Illumina: Solexa Sequencing By Synthesis

The Illumina sequencing technique leverages reversible terminators for the sequencing-by-synthesis process. Illumina currently offers several proprietary sequencer systems and machines for DNA sequencing via high-throughput methods. Now, HiSeq is one of the most widely used sequencing platforms from Illumina. It offers more than 3 billion reads per flow cell within 72-hours. The MiSeq is the cost-effective alternative that delivers 25 million reads with 300 base pair read length from each end.

Ion Torrent Semiconductor Sequencing

The Ion Torrent Systems Inc. developed a DNA sequencing and analysis system that depends on sequencing chemistry along with a semiconductor-based detection system. The method relies on the detection of hydrogen ions released during the DNA polymerization reaction. The hypersensitive ion sensor detects the hydrogen ion, and the intensity of the electronic signal is proportional to the number of homopolymer repeats.

Nanopore Sequencing

The nanopore method is relatively new. This process depends on the electric signals detected as each nucleotide passes through the cyclodextrin-bound alpha-hemolysin pores. There are currently two main types – protein and solid-state nanopore sequencing. Each pore has a detection region that can recognize the charge difference between the four nucleotide bases.

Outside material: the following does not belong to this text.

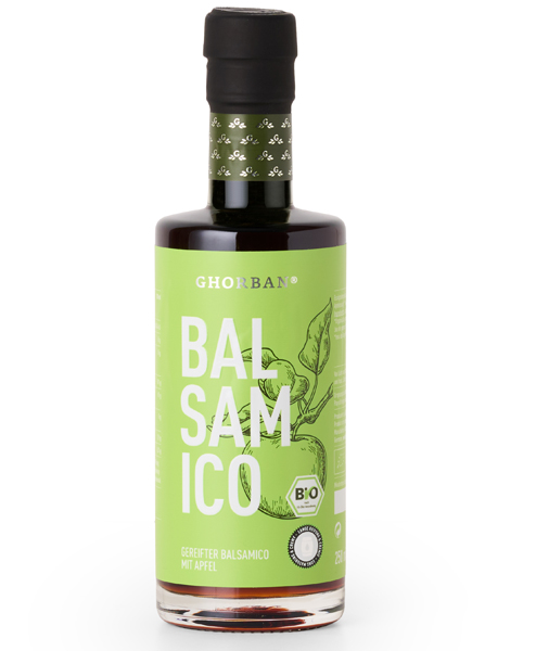 Wie alle GHORBAN® Balsamicoprodukte wird auch der Apfel Balsamico in traditionellen Verfahren in der Ursprungsregion des Balsamico, der Provinz Modena, hergestellt. Die Trauben wachsen auf regionalen Weinbergen und werden in Handarbeit geerntet. Alle GHORBAN® Balsamico-Varianten kommen ohne Zuckerzusatz aus. Seine Süße und die leicht cremige Konsistenz erhält dieser dickflüssige Balsamico durch gekochten Traubenmost, der in einem aufwändigen Prozess eingerührt wird. Erst muss der Balsamico mindestens 10 Jahre in Kastanienholzfässern reifen um das Prädikat „Invecchiato“ zu erhalten, dann wird frischer Saft vom Äpfeln hinzugegeben und nach weiterer Reifung entsteht dieses Spitzen-BIO-Produkt. Er ist eine raffinierte Veredelung von Desserts, Salaten oder Soßen und eine erfrischende Zugabe in Prosecco.

What Is DNA Sequencing Data Analysis?

The analysis of data recorded from DNA sequencing helps the user transform raw data into useful information. DNA seq data analysis typically involves four steps

  1. Trimming of the overlapping sequence data
  2. Multiple alignments of obtained DNA sequences
  3. Checking of consistency between chromatogram peak data and reading text
  4. Correction of any misreads due to software limitation

The analysis of NGS data is particularly complicated due to the bulk of raw data generated after each complete cycle. The results depend on the adaptor addition process as well as the variation in DNA library construction. Simple quality control checks run by commercially available DNA sequencing and analysis tools are imperative to reduce the errors in the final results. Always opt for NGS data analysis software that generates detailed QC reports after each step.

The optimal analysis of the data obtained from NGS should help in getting information on the target DNA sequence or gene, and aide in the discovery of new genes. They can help in the prediction of advanced structures. DNA sequence data analytics now plays a vital role in the development of personalized medicine and targeted therapy based on single nucleotide polymorphism data and other forms of gene polymorphism.